-- RECORDS TO PROCESS --

+-------+

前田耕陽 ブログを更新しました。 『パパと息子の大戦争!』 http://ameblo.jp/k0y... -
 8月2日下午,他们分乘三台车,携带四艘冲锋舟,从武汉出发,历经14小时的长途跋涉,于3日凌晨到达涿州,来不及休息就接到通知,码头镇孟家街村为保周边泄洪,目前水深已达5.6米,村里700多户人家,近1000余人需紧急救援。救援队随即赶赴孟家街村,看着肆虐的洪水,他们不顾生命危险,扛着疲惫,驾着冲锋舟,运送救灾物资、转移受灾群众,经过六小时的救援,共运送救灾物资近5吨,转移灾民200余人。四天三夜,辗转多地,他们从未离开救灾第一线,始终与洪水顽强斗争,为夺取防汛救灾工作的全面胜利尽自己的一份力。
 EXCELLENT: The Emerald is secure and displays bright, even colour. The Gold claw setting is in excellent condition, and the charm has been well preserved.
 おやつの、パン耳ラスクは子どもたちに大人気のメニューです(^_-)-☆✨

+-------+

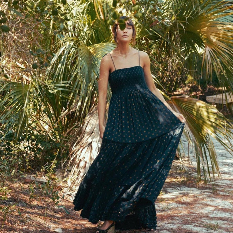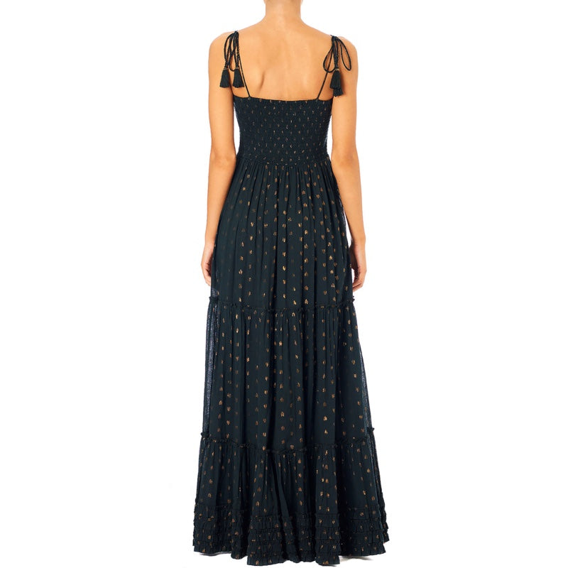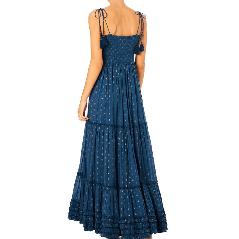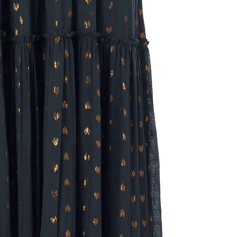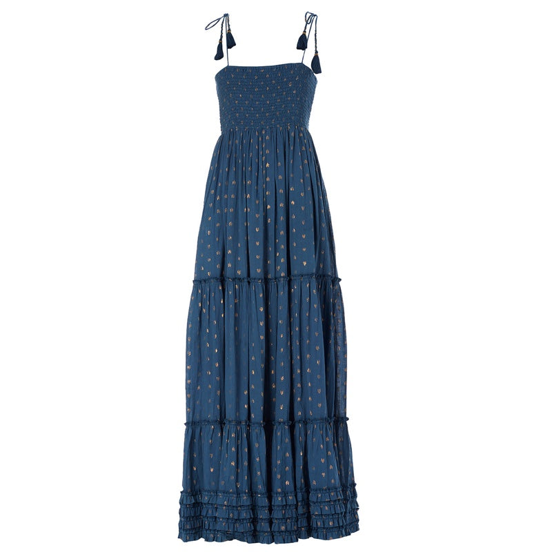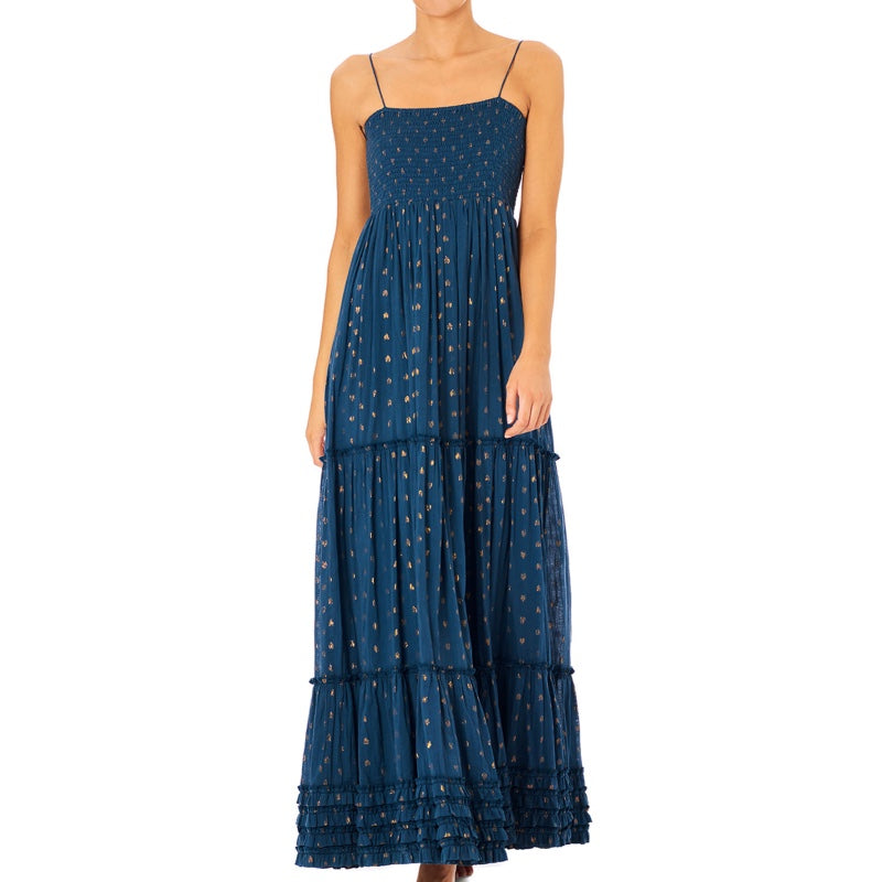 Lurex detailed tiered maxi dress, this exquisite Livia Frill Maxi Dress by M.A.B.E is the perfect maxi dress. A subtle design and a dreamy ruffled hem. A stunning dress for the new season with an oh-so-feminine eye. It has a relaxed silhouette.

+-------+

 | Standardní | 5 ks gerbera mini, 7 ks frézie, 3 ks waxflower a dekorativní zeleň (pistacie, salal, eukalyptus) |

+-------+

-- THE PROBLEM --
In the records above, the line with "前田耕陽 ブログを更新しました。 『パパと息子の大戦争!』" marks the start and the line with "おやつの、パン耳ラスクは子どもたちに大人気のメニューです(^_-)-☆✨" marks the end; copy that stretch exactly, both lines included, and nothing else.

-- RESPONSE --
前田耕陽 ブログを更新しました。 『パパと息子の大戦争!』 http://ameblo.jp/k0y... -
 8月2日下午,他们分乘三台车,携带四艘冲锋舟,从武汉出发,历经14小时的长途跋涉,于3日凌晨到达涿州,来不及休息就接到通知,码头镇孟家街村为保周边泄洪,目前水深已达5.6米,村里700多户人家,近1000余人需紧急救援。救援队随即赶赴孟家街村,看着肆虐的洪水,他们不顾生命危险,扛着疲惫,驾着冲锋舟,运送救灾物资、转移受灾群众,经过六小时的救援,共运送救灾物资近5吨,转移灾民200余人。四天三夜,辗转多地,他们从未离开救灾第一线,始终与洪水顽强斗争,为夺取防汛救灾工作的全面胜利尽自己的一份力。
 EXCELLENT: The Emerald is secure and displays bright, even colour. The Gold claw setting is in excellent condition, and the charm has been well preserved.
 おやつの、パン耳ラスクは子どもたちに大人気のメニューです(^_-)-☆✨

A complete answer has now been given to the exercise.